The Last Judgement

When the cardinals approached the box to cast their ballots for the next successor to Peter, they were faced with this painting:

Michelangelo’s fresco, The Last Judgement, depicts the damned being cast into hell on Christ’s lower left, while elsewhere the blessed are raised up to heaven.

When taking part in such a weighty task, it was certainly prudent that the cardinals should think about their own final judgement, and how the vote that they cast will establish them in the Kingdom of God.  Moreover, it was important that they consider how their votes will effect the final judgement of the 1.2 billion Catholic souls across the globe.
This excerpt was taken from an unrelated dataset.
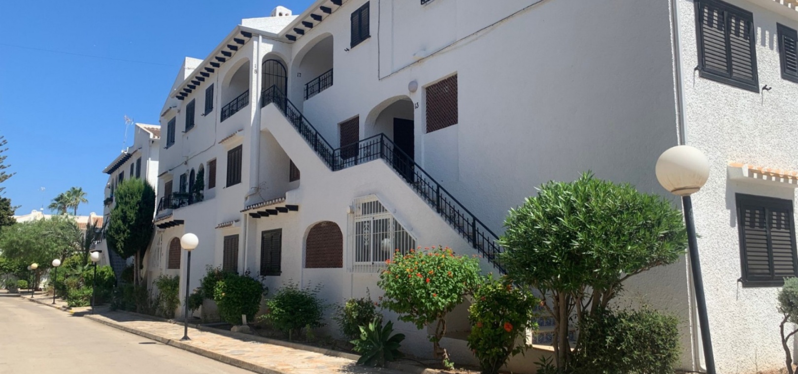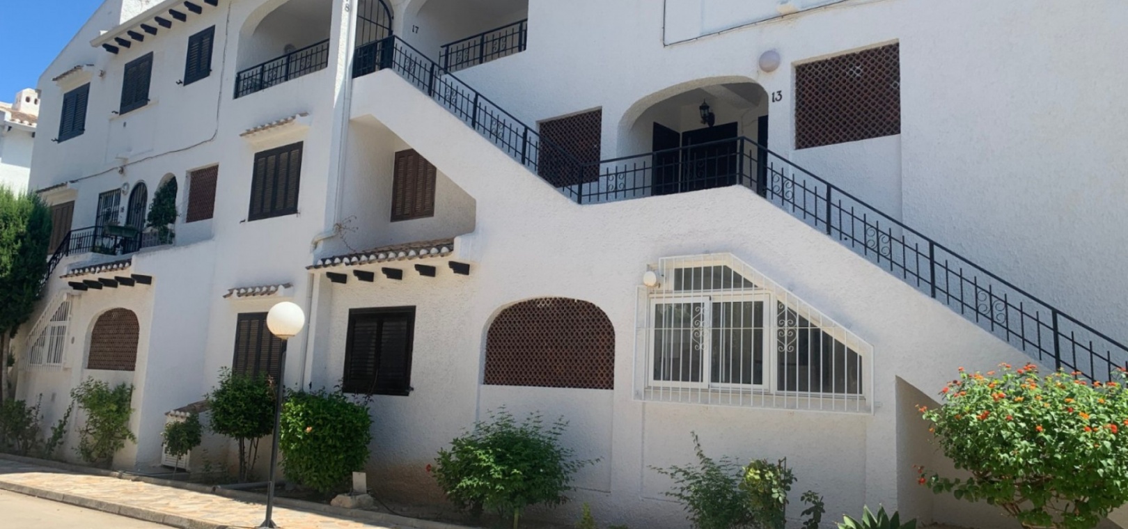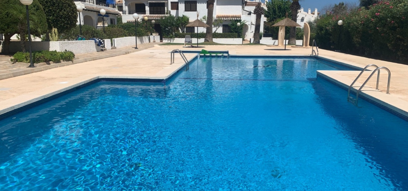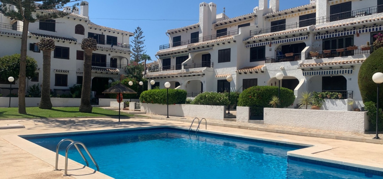 A South facing 2 bed 1 bath 1st floor apartment over looking the communal swimming pool located in Res. Sol y Verde II, Cabo Roig, Costa Blanca.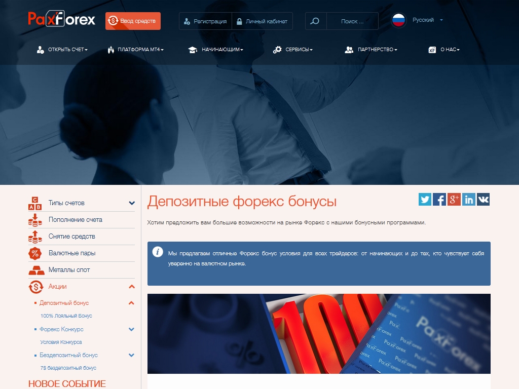 Брокер PaxForex предлагает для всех клиентов возможность получить депозитный бонус до 100%. Чтобы получить депозитный бонус нужно пополнить торговый счет, и оправить заявку на его получение сотрудникам брокера. На один торговый счет можно получить форекс бонус суммой не более 5000 долларов или 3500 евро, а по всем счетам сумма не может превышать 15000 долларов.

It occurs to me that we could all use a giant fresco of the Last Judgement in our lives.  This fresco would need to be a floating one, though, that would travel around with us throughout our days.  Or possibly one that magically appears each time we’re making a decision that could be crucial to our eternal well-being or that of another individual.

For instance, your driving down the street, kids strapped securely into their seats, when another driver rudely cuts you off.  You’re faced with a decision.  Do you pray for that person?  Or do you shout obscenities, ride their bumper, and lay on your horn?

Whoooosh!  Magic fresco.  Oh, yeah.  Pray.

Or, you see an old neighbor in a parking lot, driving her brand new Mercedes coupe.  After chatting for a few minutes about her new and luxurious home, she looks at your car and says, “Oh, wow.  You’re still driving that old thing?”  Do you calmly smile and tell her that you are blessed to have a car at all?  Or do you tell her that she is a pretentious, money-grabbing so-and-so?

Whoopaw!  Magic fresco.  Uh huh.  Calm smile.

Of course, there are the moments with the children, when you can react with love or with anger.

And there are those many moments with the hubby, when you can call to mind Proverbs 31, or respond as the world seems to teach.

Occassionaly in our lives we are faced with big, weighty decisions.  Probably never anything as big as what the cardinals faced these last two days, but big nonetheless.  A new job, education for our children, a new home, etc.  We usually remember to pray for guidance in these things.

But our final judgement will be less a product of those big, momentous choices, and more the result of the little choices we make every day.

And so, I’d like to have a magic, floating fresco.

Perhaps there’s an app for that?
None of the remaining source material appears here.